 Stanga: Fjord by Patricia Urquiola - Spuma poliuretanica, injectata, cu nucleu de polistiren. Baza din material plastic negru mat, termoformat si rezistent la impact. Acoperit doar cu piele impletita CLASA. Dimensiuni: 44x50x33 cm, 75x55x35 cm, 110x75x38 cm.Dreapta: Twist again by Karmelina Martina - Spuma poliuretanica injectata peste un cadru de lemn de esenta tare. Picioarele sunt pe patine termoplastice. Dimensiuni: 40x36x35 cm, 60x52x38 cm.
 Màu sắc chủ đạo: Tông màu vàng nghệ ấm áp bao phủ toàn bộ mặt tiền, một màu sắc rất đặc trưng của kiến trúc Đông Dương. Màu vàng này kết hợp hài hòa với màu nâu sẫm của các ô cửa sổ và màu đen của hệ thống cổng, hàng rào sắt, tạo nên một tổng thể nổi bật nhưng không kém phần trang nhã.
···
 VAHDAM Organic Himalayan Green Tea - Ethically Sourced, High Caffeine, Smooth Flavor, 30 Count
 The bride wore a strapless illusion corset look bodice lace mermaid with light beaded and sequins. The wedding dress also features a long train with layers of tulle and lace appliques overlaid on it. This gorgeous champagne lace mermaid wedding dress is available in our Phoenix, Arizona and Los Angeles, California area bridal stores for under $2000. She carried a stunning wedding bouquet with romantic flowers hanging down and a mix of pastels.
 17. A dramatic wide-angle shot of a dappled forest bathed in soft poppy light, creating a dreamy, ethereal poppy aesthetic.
···
ASSIGNMENT: Considering only the material above, set down every line from the one with "The bride wore" to the one with "17. A dramatic", inclusive, exactly as written.

TASK RESPONSE:
 The bride wore a strapless illusion corset look bodice lace mermaid with light beaded and sequins. The wedding dress also features a long train with layers of tulle and lace appliques overlaid on it. This gorgeous champagne lace mermaid wedding dress is available in our Phoenix, Arizona and Los Angeles, California area bridal stores for under $2000. She carried a stunning wedding bouquet with romantic flowers hanging down and a mix of pastels.
 17. A dramatic wide-angle shot of a dappled forest bathed in soft poppy light, creating a dreamy, ethereal poppy aesthetic.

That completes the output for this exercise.